_EXERCISE DESCRIPTION_
Beneath this line are entries. Copy the range from the line with "Испания. Примера 21.04.2012" to the line with "天猫[含羊绒 假两件]莱克斯顿2026春新款男装圆领针织衫休闲百搭毛衣", ends included, exactly; leave pictures out.

_RECORDS PROVIDED_
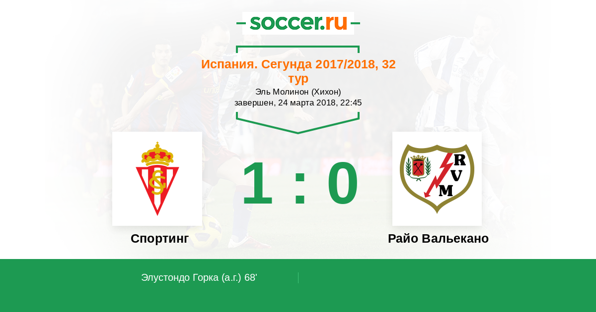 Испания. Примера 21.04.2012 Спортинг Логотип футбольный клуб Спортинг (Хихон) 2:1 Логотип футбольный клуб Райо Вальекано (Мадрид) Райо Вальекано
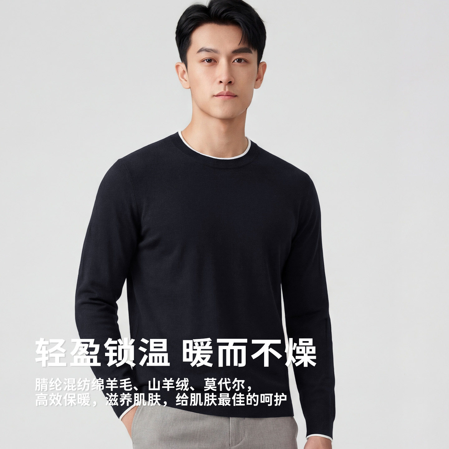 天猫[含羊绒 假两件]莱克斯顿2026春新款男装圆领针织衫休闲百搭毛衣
==
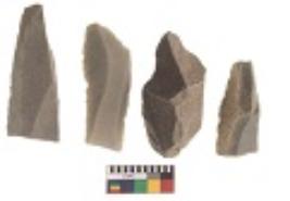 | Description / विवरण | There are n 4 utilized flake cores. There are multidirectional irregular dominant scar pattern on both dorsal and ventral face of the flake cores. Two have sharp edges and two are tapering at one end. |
...
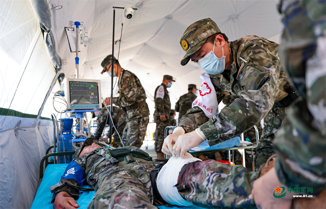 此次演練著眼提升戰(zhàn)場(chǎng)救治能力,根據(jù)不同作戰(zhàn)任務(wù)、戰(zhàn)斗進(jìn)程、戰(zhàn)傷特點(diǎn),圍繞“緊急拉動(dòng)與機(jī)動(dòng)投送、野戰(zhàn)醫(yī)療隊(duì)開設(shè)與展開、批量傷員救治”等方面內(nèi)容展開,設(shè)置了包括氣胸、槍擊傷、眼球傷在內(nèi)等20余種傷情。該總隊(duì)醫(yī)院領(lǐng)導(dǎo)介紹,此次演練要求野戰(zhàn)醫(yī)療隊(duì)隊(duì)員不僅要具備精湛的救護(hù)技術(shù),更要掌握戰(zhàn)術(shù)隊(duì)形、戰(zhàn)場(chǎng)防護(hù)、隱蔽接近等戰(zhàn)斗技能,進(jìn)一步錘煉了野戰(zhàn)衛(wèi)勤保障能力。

_EXERCISE ANSWER_
 Испания. Примера 21.04.2012 Спортинг Логотип футбольный клуб Спортинг (Хихон) 2:1 Логотип футбольный клуб Райо Вальекано (Мадрид) Райо Вальекано
 天猫[含羊绒 假两件]莱克斯顿2026春新款男装圆领针织衫休闲百搭毛衣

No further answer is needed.